With all images left out, restate the records below exactly as written.

::::

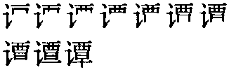 谭读音t·an(ˊ),为an韵目,属an—ian—uan—üan韵部。徒含切,平,覃韵。 ❶姓。 ❷大;光大。孔广森注:“谭,大也。” ❸同“谈”。《三国志》:“此老先生之常谭。” 上一条: 鐔 下一条: 譚 谭譚《广韵》徒含·覃;dná‖tán说:七~八~cīt dná buēh dná(胡言乱语) ❍ 汝呣知头天,呣通甲人乱~lǐ zāi táotnī,tāng gāh lang luân dná(你不知底细,不要跟人家乱讲)。清·朱骏声《说文通训定声》:“談,語也。字亦作譚。”陆德明释文:“譚,本亦作談。”成玄英疏:“譚,猶稱說也”。《三国志·魏志·管辂传》:“此老生之常譚。”宋·辛弃疾《千秋岁·为金陵史致道留守寿》:“金湯生氣象,珠玉霏譚笑。”《初刻拍案惊奇》卷三八:“聞得樞密院東有個算命的,開個鋪面,譚人禍福,無不奇中。” 谭譚{}五6957①动说(贬)。晋语。山西忻州〖 〗。你可能瞎~哩!②动打岔。闽语。福建厦门〖 〗。乱~乱打岔‖𪜶咧商量,汝呣嗵共伊~他们在商量,你别给打岔。③名差错。闽语。福建厦门〖 〗。重~差错。   谭譚tán姓。 谭tán❶ 同“谈”。 ❷ 姓。 谭tán旧时山东地区市井经纪人谓数目二。参“丁、谭、品、吊、拐、闹、柴、别、弯、卡”条。 谭tán〖动词〗 用同“谈”。谈论,称说,讲习(1)。《袁州州学记》:天下治,则谭礼乐以陶吾民。——天下太平,就讲习礼乐来感化我们的百姓。 谭tán❶ 大,宏大。《大戴礼记·子张问入官》:“富恭有本能图,修业居久而~。” ❷ 延,延及。《管子·侈靡》:“上短下长,无度而用,则危本不称,而祀~次祖。” ❸ 通“谈”。谈论,谈说。《庄子·则阳》:“夫子何不~我于王?”《三国志·蜀书·庞统传》:“先主见,与善~,大器之,以为治中从事。” 谭*譚tanCCB7 ❶与“谈”同。谈论:老生常~/天方夜~。 ❷<文>大;光大:修业居久而~(《大戴礼记》)。 ❸春秋时国名。在今山东章丘西。 ❹姓。 话语 话语话(话头;闲~) 言 语(语言;语词;语话言语) 谈 谭 敬称他人的话语:金口 成句的话:语句 一句话:一言 一句 只句 只语 话语气势豪迈,坚定有力:掷地有声 掷地赋声 掷地金声 金声掷地 开头的几句话:开门炮 某一活动正式开始前说的一段话:开场白 民间没有知识的人说的话:里巷之谈 零星、不完整的话:片语单词 只字单词零言碎语 单词片语 口头转告的话:口信 柔和而委婉的话语:软语 许许多多要说的话:千说万说 千言万语千语万言 千章万句 万语千言 话如泉水涌出一般:言泉 生气发怒时说的话:变色之言 (说的话:话语) ☚ 话语 言语 ☛ 谭tán❶同“谈”。 ❷姓。 谭(譚)tánⅠ ❶ [书] (延及) extend; stretch; spread ❷ [书] (连属, 接连不断) join; link ❸[书] (光大) glorify; carry forward; develop ❹(谈说, 称说) talk; chat; speak; discuss Ⅱ ❶(话语) word; talk ❷(古国名) Tan (an ancient state in China) ❸(姓氏) a surname: ~ 嗣同 Tan Sitong 谭tán❶ 谭天说地
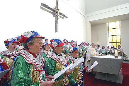 Auch eines der wichtigsten Elemente des Karnevals, das Lachen, kam nicht zu kurz. Der Kirchenchor Sankt Joseph ließ es sich im 40. Jahr seines Bestehen nicht nehmen, den musikalischen Teil der Messe zu gestalten. Chorleiter Edgar Zens hatte gleich mehrere Gelegenheiten, der Orgel einen Tusch zu entlocken. Die närrischen Regenten aus dem Umland verliehen der Messfeier mit ihren prunkvollen Kostümen und bunten Gefolgen den angemessenen Glanz.
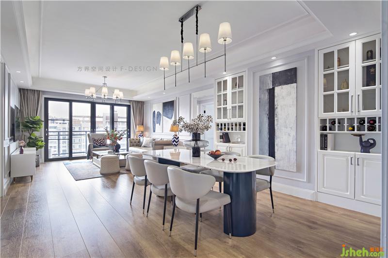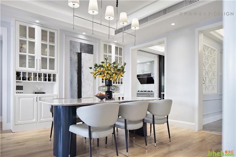 光影交錯(cuò)的掛件豐富了空間層次,并與銀色餐燈相呼應(yīng)。大理石臺(tái)面的餐桌為空間注入現(xiàn)代氣息,現(xiàn)代與美式的結(jié)合,家具的選擇更有包容性。
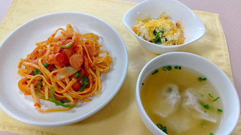 やっぱりフィットチーネですのでソースと言いますか、ナポリタン味が麺に程よくからんで本当に美味しいと評判でした。パスタの種類としての「スパゲッティ」を使ったナポリタンよりも、あっさりした感じで食が進んだと話された入居者様もいらっしゃいました。
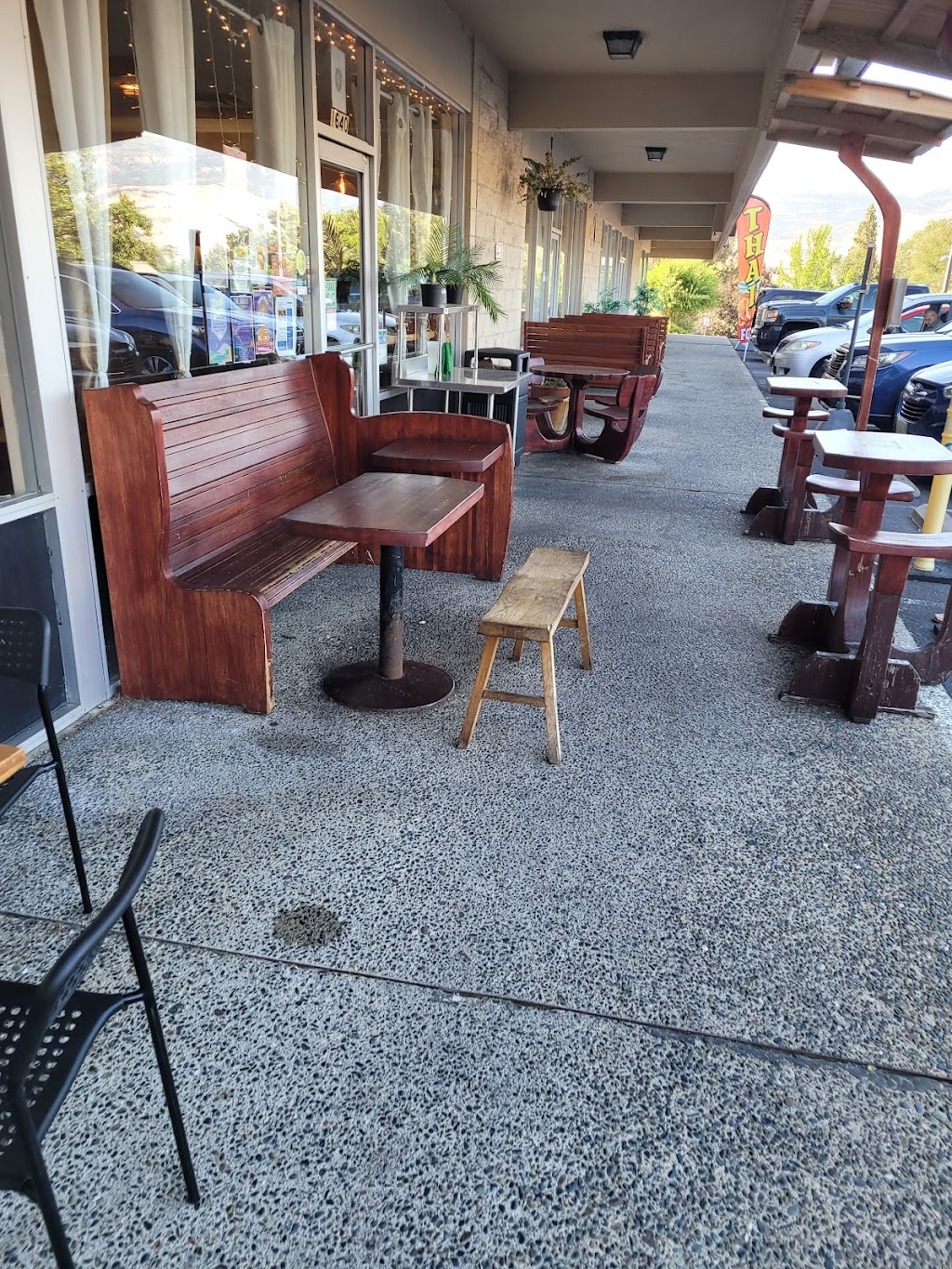 Any restaurant that has vegan and gluten-free options deserves four points, in my opinion. I couldn't, unfortunately, give it five. I was disappointed that all of the meals had grain in them. I had to order individual items a la carte. Then, when I got them, I was surprised at how small the containers were. The tofu and roasted veggies were good. The Miso soup tasted like celery, not me so, so I wasn't thrilled with that. Overall, I would eat there again but would prefer to find some place with full meals. Props to them, though, for using good ingredients and making whole foods! Oh, also, they have quite a few tables for outdoor dining. Look like six or seven...

::::

» **Solved exercise**:
 谭读音t·an(ˊ),为an韵目,属an—ian—uan—üan韵部。徒含切,平,覃韵。 ❶姓。 ❷大;光大。孔广森注:“谭,大也。” ❸同“谈”。《三国志》:“此老先生之常谭。” 上一条: 鐔 下一条: 譚 谭譚《广韵》徒含·覃;dná‖tán说:七~八~cīt dná buēh dná(胡言乱语) ❍ 汝呣知头天,呣通甲人乱~lǐ zāi táotnī,tāng gāh lang luân dná(你不知底细,不要跟人家乱讲)。清·朱骏声《说文通训定声》:“談,語也。字亦作譚。”陆德明释文:“譚,本亦作談。”成玄英疏:“譚,猶稱說也”。《三国志·魏志·管辂传》:“此老生之常譚。”宋·辛弃疾《千秋岁·为金陵史致道留守寿》:“金湯生氣象,珠玉霏譚笑。”《初刻拍案惊奇》卷三八:“聞得樞密院東有個算命的,開個鋪面,譚人禍福,無不奇中。” 谭譚{}五6957①动说(贬)。晋语。山西忻州〖 〗。你可能瞎~哩!②动打岔。闽语。福建厦门〖 〗。乱~乱打岔‖𪜶咧商量,汝呣嗵共伊~他们在商量,你别给打岔。③名差错。闽语。福建厦门〖 〗。重~差错。   谭譚tán姓。 谭tán❶ 同“谈”。 ❷ 姓。 谭tán旧时山东地区市井经纪人谓数目二。参“丁、谭、品、吊、拐、闹、柴、别、弯、卡”条。 谭tán〖动词〗 用同“谈”。谈论,称说,讲习(1)。《袁州州学记》:天下治,则谭礼乐以陶吾民。——天下太平,就讲习礼乐来感化我们的百姓。 谭tán❶ 大,宏大。《大戴礼记·子张问入官》:“富恭有本能图,修业居久而~。” ❷ 延,延及。《管子·侈靡》:“上短下长,无度而用,则危本不称,而祀~次祖。” ❸ 通“谈”。谈论,谈说。《庄子·则阳》:“夫子何不~我于王?”《三国志·蜀书·庞统传》:“先主见,与善~,大器之,以为治中从事。” 谭*譚tanCCB7 ❶与“谈”同。谈论:老生常~/天方夜~。 ❷<文>大;光大:修业居久而~(《大戴礼记》)。 ❸春秋时国名。在今山东章丘西。 ❹姓。 话语 话语话(话头;闲~) 言 语(语言;语词;语话言语) 谈 谭 敬称他人的话语:金口 成句的话:语句 一句话:一言 一句 只句 只语 话语气势豪迈,坚定有力:掷地有声 掷地赋声 掷地金声 金声掷地 开头的几句话:开门炮 某一活动正式开始前说的一段话:开场白 民间没有知识的人说的话:里巷之谈 零星、不完整的话:片语单词 只字单词零言碎语 单词片语 口头转告的话:口信 柔和而委婉的话语:软语 许许多多要说的话:千说万说 千言万语千语万言 千章万句 万语千言 话如泉水涌出一般:言泉 生气发怒时说的话:变色之言 (说的话:话语) ☚ 话语 言语 ☛ 谭tán❶同“谈”。 ❷姓。 谭(譚)tánⅠ ❶ [书] (延及) extend; stretch; spread ❷ [书] (连属, 接连不断) join; link ❸[书] (光大) glorify; carry forward; develop ❹(谈说, 称说) talk; chat; speak; discuss Ⅱ ❶(话语) word; talk ❷(古国名) Tan (an ancient state in China) ❸(姓氏) a surname: ~ 嗣同 Tan Sitong 谭tán❶ 谭天说地
 Auch eines der wichtigsten Elemente des Karnevals, das Lachen, kam nicht zu kurz. Der Kirchenchor Sankt Joseph ließ es sich im 40. Jahr seines Bestehen nicht nehmen, den musikalischen Teil der Messe zu gestalten. Chorleiter Edgar Zens hatte gleich mehrere Gelegenheiten, der Orgel einen Tusch zu entlocken. Die närrischen Regenten aus dem Umland verliehen der Messfeier mit ihren prunkvollen Kostümen und bunten Gefolgen den angemessenen Glanz.
 光影交錯(cuò)的掛件豐富了空間層次,并與銀色餐燈相呼應(yīng)。大理石臺(tái)面的餐桌為空間注入現(xiàn)代氣息,現(xiàn)代與美式的結(jié)合,家具的選擇更有包容性。
 やっぱりフィットチーネですのでソースと言いますか、ナポリタン味が麺に程よくからんで本当に美味しいと評判でした。パスタの種類としての「スパゲッティ」を使ったナポリタンよりも、あっさりした感じで食が進んだと話された入居者様もいらっしゃいました。
 Any restaurant that has vegan and gluten-free options deserves four points, in my opinion. I couldn't, unfortunately, give it five. I was disappointed that all of the meals had grain in them. I had to order individual items a la carte. Then, when I got them, I was surprised at how small the containers were. The tofu and roasted veggies were good. The Miso soup tasted like celery, not me so, so I wasn't thrilled with that. Overall, I would eat there again but would prefer to find some place with full meals. Props to them, though, for using good ingredients and making whole foods! Oh, also, they have quite a few tables for outdoor dining. Look like six or seven...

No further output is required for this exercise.